Gazzâlî şöyle demektedir: "Allah mâlumatın
hepsini bilir. Yerde ve gökte meydana gelen her şeyi, onun ilmi her
şeyi kuşatmıştır. Kainatta zerre kadar bir
şey dahi onun ilminden gizli değildir. O, karanlık gecede,
kara taşın üzerine, siyah karıncanın
kımıldamasını da bilir, ondan haberi vardır. Hava
boşluğunda yer alan zerrenin hareketini, sırları ve en
gizli olanları bilir. Kalplerin, beyinlerin ve gönüllerin her
türlü eğilimlerini, hareketlerini ve gizliliklerini
başlangıç ve sonu olmayan yanî kadîm ve ezelî ilmiyle bilir"
(Gazzâlî, İhya, l, 124).

Mülk suresinin bir ayetinde şöyle buyurulur:
"Sözünü ister gizleyin, ister açığa vurun; bilin ki o,
sînelerin özünü bilir.
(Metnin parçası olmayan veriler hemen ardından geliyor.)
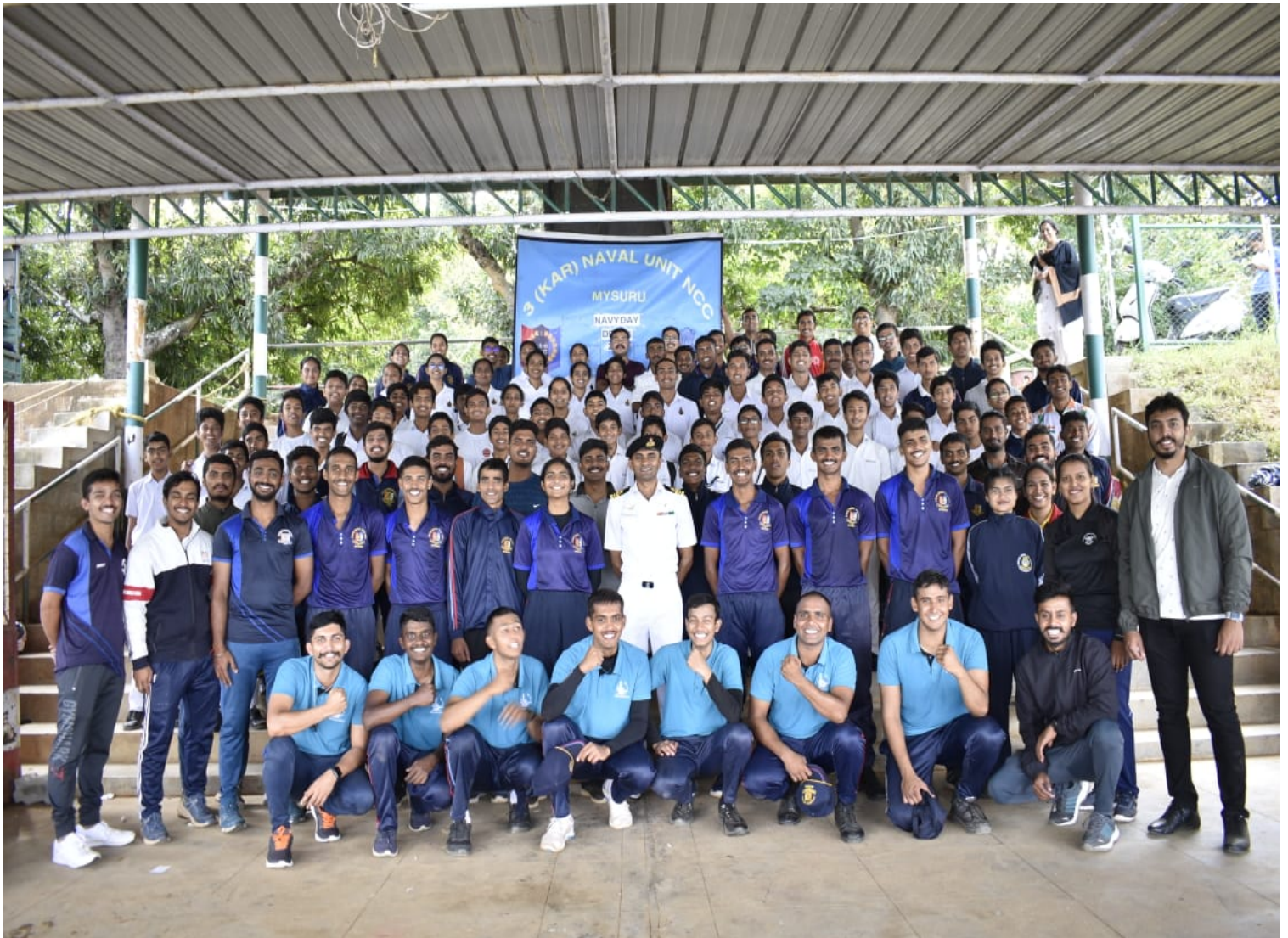
Yuvaraja's college Mysore cadets won 1 st place in BOAT PULLING COMPETITION which was held on Dec 4 th 2022.
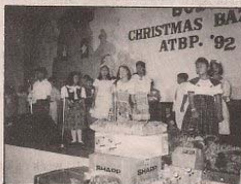
More BCBP Bazaar pictures on p. 12 and 13.

BCBP SECRETARIAT ADDRESS: Palm Bldg., 4033 Yague St. Makati. T-813-0970, 880-809
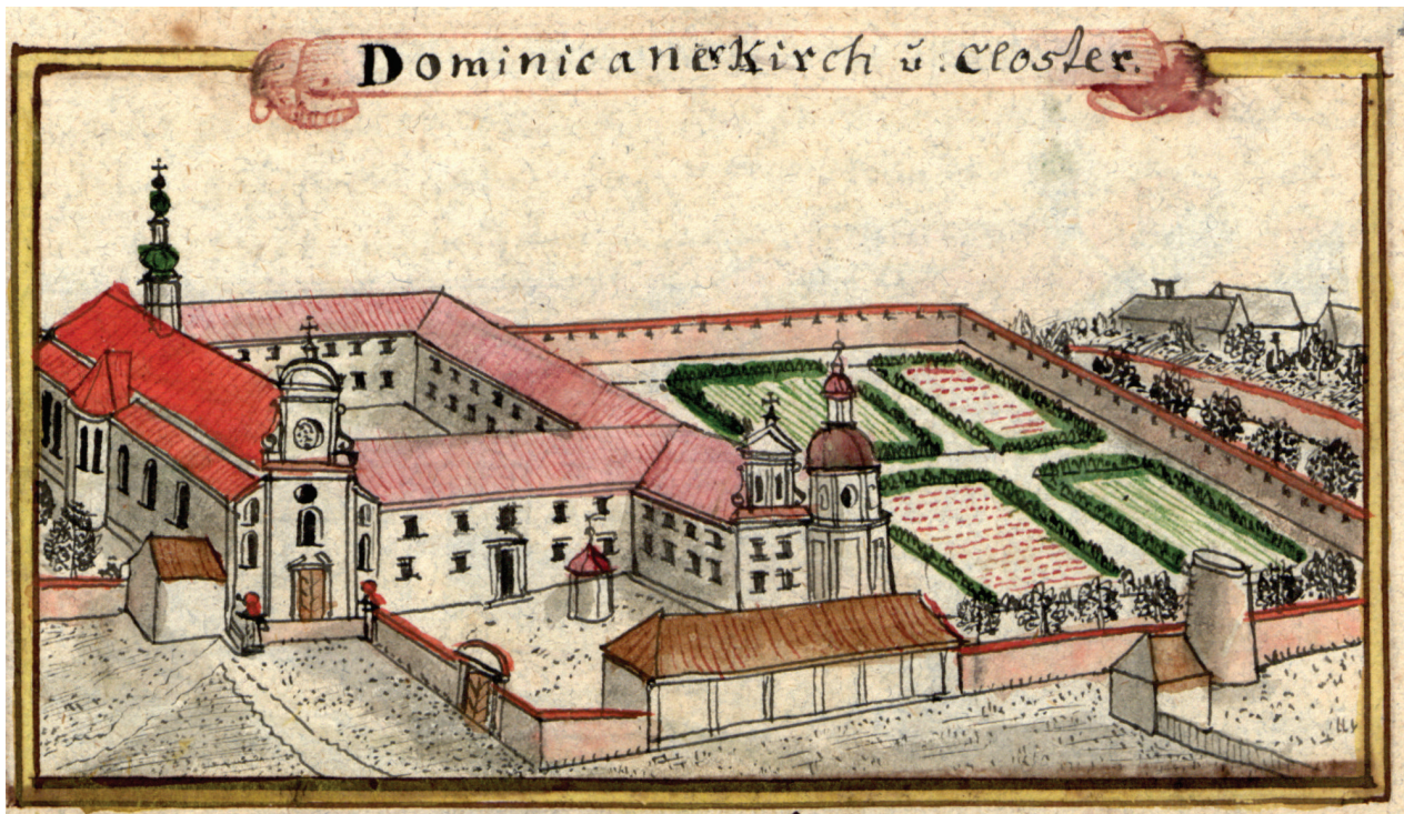
Fig. 5. Opole, post-Dominican church of Our Lady of Sorrows and St. Wojciech, view from the north-west, engraving from around the mid-18 th century. F.B. Werner

Il. 5. Opole, kościół poddominikański pw. Matki Boskiej Bolesnej i św. Wojciecha, widok od północnego zachodu, rycina z około połowy XVIII w. F.B. Wenera

Hiç yaratan bilmez mi? O, en ince işleri
görüp bilmektedir ve her şeyden haberdardır" (el-Mülk,
67/13-14). Elmalılı Muhammed Hamdi Yazır bu ayetin
tefsirinde böyle der: "Allah'ın Latîf isminde iki tefsir vardır.
Bunlardan birisi en ince ve en gizli işleri bütün incelikleriyle
kolayca bilendir. Bu ayetten şunu da anlıyoruz ki, yaratan Allah
(c.c) yarattığını, yaratacağını ve her
şeyi bilir. O halde, bütün sînelerin künhünü kalplerde saklı
olan her şeyi bilen O'dur. Mükelleflerden sâdır olan gizli-açık,
iyi-fenâ her söz ve fiil O'na nisbetle eşittir, onları bilir
(M. Hamdi Yazır, Hak Dini Kur'an Dili, VII, 5222).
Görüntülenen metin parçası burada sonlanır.